Exercise requirements » Only the lines from the one containing "Срібна каблучка з" through the end of the entries should be returned, exactly as they are, with the pictures omitted.

(Records contained in a dataset)
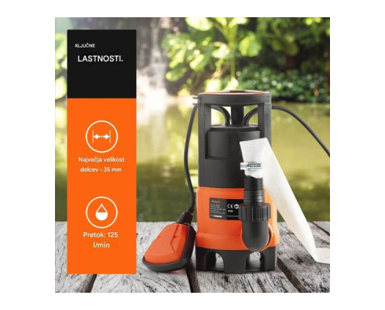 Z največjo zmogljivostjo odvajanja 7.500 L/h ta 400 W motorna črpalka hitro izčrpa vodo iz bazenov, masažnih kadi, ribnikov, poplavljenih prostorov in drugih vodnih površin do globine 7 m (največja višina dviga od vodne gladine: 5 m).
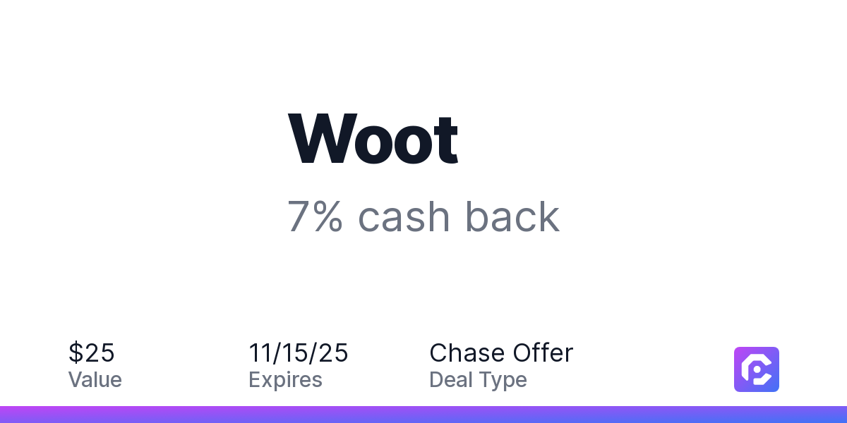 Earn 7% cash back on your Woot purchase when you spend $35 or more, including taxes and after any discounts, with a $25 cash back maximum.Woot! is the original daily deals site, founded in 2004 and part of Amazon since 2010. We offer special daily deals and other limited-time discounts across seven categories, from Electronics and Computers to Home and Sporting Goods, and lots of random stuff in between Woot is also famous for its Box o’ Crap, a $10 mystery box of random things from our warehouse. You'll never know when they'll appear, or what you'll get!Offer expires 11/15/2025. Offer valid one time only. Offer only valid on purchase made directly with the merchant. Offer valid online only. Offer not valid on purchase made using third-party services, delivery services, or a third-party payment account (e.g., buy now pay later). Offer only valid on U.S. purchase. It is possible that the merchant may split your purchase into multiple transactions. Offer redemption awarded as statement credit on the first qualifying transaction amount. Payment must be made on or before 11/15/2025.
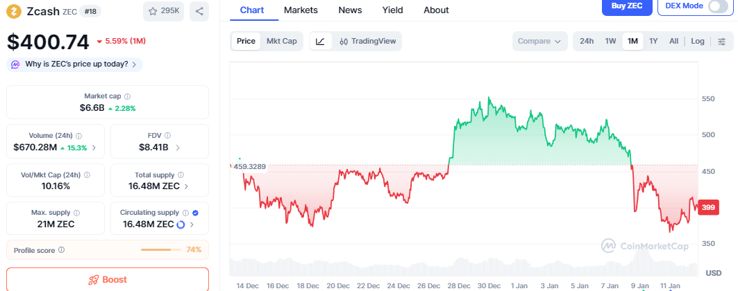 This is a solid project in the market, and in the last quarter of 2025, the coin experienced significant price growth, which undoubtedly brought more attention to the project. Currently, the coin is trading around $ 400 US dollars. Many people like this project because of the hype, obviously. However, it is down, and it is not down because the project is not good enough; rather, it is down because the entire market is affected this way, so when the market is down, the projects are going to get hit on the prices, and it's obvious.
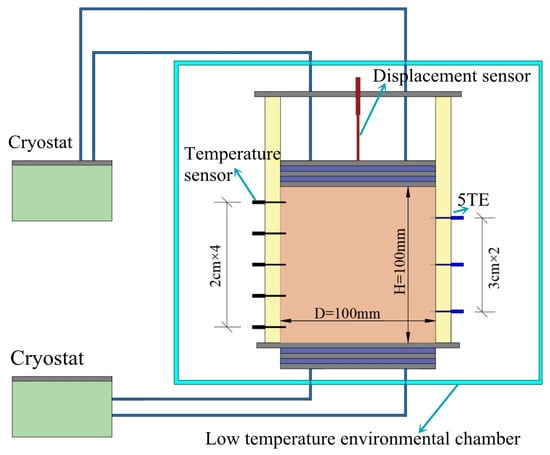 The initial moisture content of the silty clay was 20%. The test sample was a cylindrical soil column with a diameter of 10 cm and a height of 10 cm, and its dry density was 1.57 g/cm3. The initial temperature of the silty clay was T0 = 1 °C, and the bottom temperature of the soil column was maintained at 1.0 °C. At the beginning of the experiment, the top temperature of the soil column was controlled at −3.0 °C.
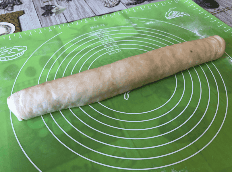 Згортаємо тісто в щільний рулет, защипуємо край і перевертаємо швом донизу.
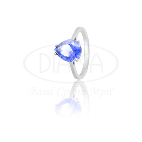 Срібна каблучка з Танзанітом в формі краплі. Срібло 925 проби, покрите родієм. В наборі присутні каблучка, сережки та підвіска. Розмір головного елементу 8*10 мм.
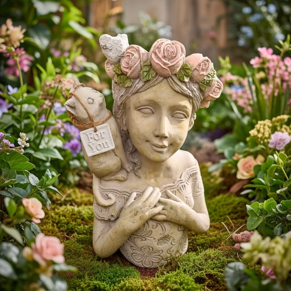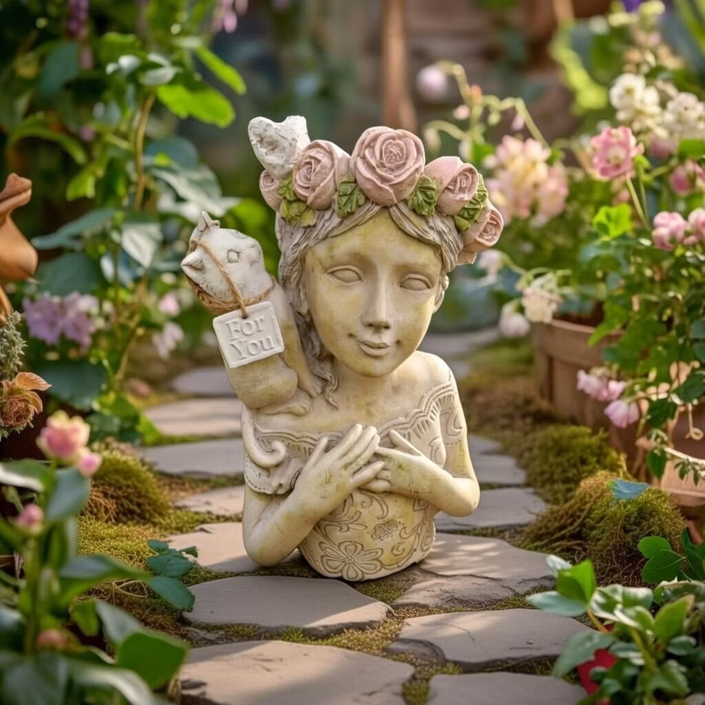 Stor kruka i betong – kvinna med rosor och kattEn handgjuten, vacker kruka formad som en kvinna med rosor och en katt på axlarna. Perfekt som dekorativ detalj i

Solution to the exercise »
 Срібна каблучка з Танзанітом в формі краплі. Срібло 925 проби, покрите родієм. В наборі присутні каблучка, сережки та підвіска. Розмір головного елементу 8*10 мм.
 Stor kruka i betong – kvinna med rosor och kattEn handgjuten, vacker kruka formad som en kvinna med rosor och en katt på axlarna. Perfekt som dekorativ detalj i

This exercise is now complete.